詩經:殷其雷
《詩經:殷其雷》
殷其雷,在南山之陽。
何斯違斯,莫敢或遑?
振振君子,歸哉歸哉!
殷其雷,在南山之側。
何斯違斯,莫敢遑息?
振振君子,歸哉歸哉!
殷其雷,在南山之下。
何斯違斯,莫或遑處?
振振君子,歸哉歸哉!
注釋:
1、殷:聲也。
2、雷:喻車聲
3、遑:閑暇
譯文:
聽那隆隆的雷聲,在南山的陽坡震撼。
怎么這時候離家出走?實在不敢有少許悠閑。
勤奮有為的君子,歸來吧,歸來吧!
聽那隆隆的雷聲,在南山的邊上響起。
怎么這時候離家出走?實在不敢有片刻休息。
勤奮有為的君子。歸來吧,歸來吧!
聽那隆隆的雷聲,在南山的腳下轟鳴。
怎么這時候離家出走?實在不敢有一會暫停。
勤奮有為的君子,歸來吧,歸來吧!
賞析:
《毛序》關于此詩的主題,不僅今文學派的三家無異議,而且后來的解詩者也無大的爭論。雖然所思念的對象不必如《毛詩序》之泥定為大夫,但從詩中所稱君子來看,則這位行役在外者當是統治階級中人,不可能是平民百姓。jz139.Com
據毛傳與鄭箋,前一斯字指君子,后一斯字指此地。朱熹承襲此說,釋為:何此君子獨去此而不敢少暇乎(《詩集傳》)而嚴粲釋云:言殷然之雷聲,在彼南山之南。何為此時速去此所乎?(《詩緝》)從上下文看,后一種說法更為順理成章。感嘆之后,女主人公又轉念為丈夫設身處地著想:只因為了公事,才不敢稍事休息。想到丈夫一心為公事奔忙,故而接下去才有振振君子的贊嘆。毛傳與鄭箋均釋振振為信厚。朱熹亦承此說。姚際恒《詩經通論》云:蓋振為振起、振興意,亦為眾盛意。而王先謙的《詩三家義集疏》訓振振為振奮有為,似更切合情理。這樣振振一詞就成了稱揚其夫君勤奮有為的贊語了。女主人公作出這樣的贊嘆之后,卻發出了歸哉歸哉的呼喚,表明女主人公雖然明白丈夫是為公事奔走,但還是希望他能早早歸來。這種轉折實質上表現了情與理的矛盾沖突。《詩序》稱勸以義,就是著眼于其理的一面,以張揚其倫理教化的意義,但忽視了其情的一面,而且是此詩的主要一面,因而受到后人的質疑。姚際恒在《詩經通論》中批評了《詩序》的這一偏頗:按詩歸哉歸哉,是望其歸之辭,絕不見有勸以義之意。崔述的《讀風偶識》也稱:今玩其詞意,但有思夫之情,絕不見所謂勸義者何在。然而絕不云云又走向了另一個極端,同樣失之偏執。還是朱熹概括得好:于是又美其德,且冀其早畢事而還歸也。(《詩集傳》)近人陳子展《詩經直解》稱此詩既勸以大義,又望其生還,可謂得情理之正者也,誠為中肯之論。

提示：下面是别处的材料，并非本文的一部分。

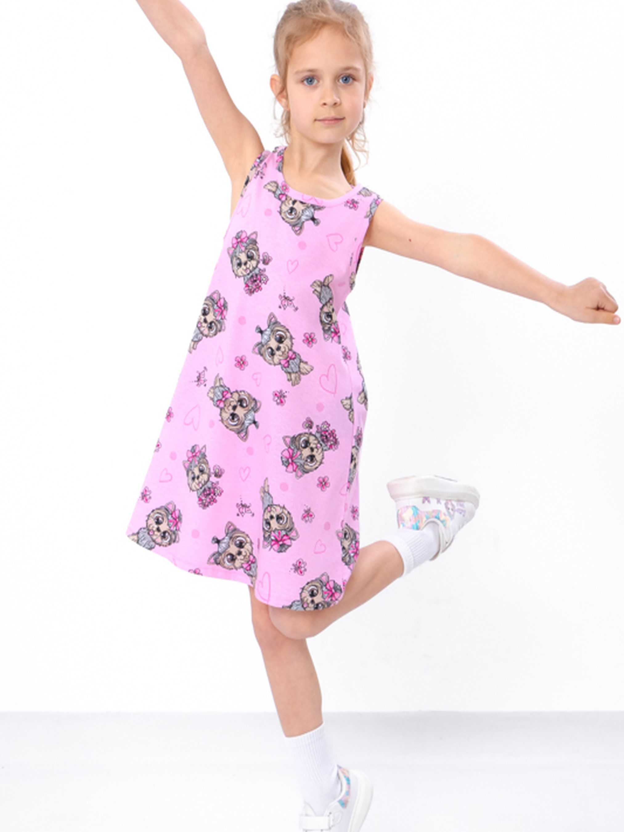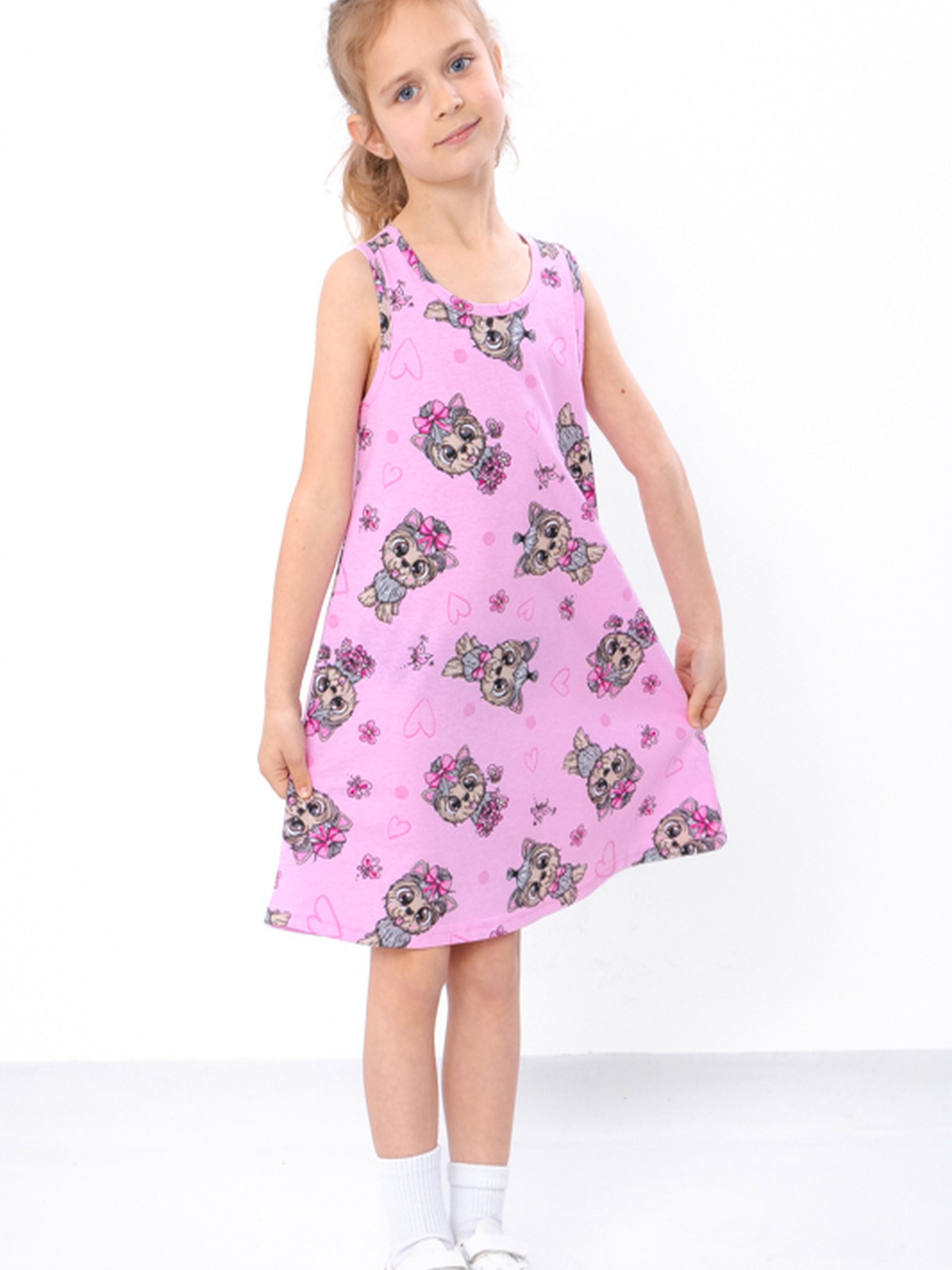 Полотно: кулір набивний Склад полотна: 100% бавовна Зріст: 104-134 Літня сукня для дівчинки – ідеальний вибір для створення стильного і комфортного образу в спекотні дні. Виготовлена з легкого і дихаючого матеріалу, ця сукня забезпечує максимальний комфорт та свободу рухів. Яскравий дизайн і сучасний крій додають неповторного шарму та елегантності. Підійде для святкових заходів, прогулянок або фотосесій. Обирайте літню сукню для дівчинки, щоб ваша маленька принцеса відчувала себе особливо в будь-якій ситуації.

此詩以重章復疊的形式唱出了妻子對丈夫的思念之情,在反覆詠唱中加深了情感的表達。每章均以雷起興,卻變易雷響的地點,不僅寫出了雷聲飄忽不定的特點,而且還引逗出對丈夫行蹤無定的漂泊生活的掛念,誠如胡承珙所云:細繹經文三章,皆言在而屢易其地,正以雷之無定在,興君子之不遑寧居。(《詩經后箋》)遑、息、居三字則層層深入地表現了忠于職守、不敢懈怠的態度。此詩的每一章雖只寥寥數語,卻轉折跌宕,展示了女主人公抱怨、理解、贊嘆、期望等多種情感交織起伏的復雜心態,活現出一位思婦的心理軌跡,堪稱妙筆。初讀此詩會不得要領,或以偏概全,產生上文所述的岐見,因而姚際恒會這樣批評朱熹:夫冀其歸,可也,何必美其德耶!二義難以合并,詩人語意斷不如是。殊不知詩作為心靈的自白,斷不是非此即彼的邏輯推理,可以說詩人之語正當如是。此詩之妙正在于其上下不一的語意轉折,在否定亦復肯定中呈現活的心靈。此外,此詩的語言簡潔樸素,齊言中又有長短相錯,模擬說話的聲口,在一唱三嘆中傾吐衷情,頗為傳神。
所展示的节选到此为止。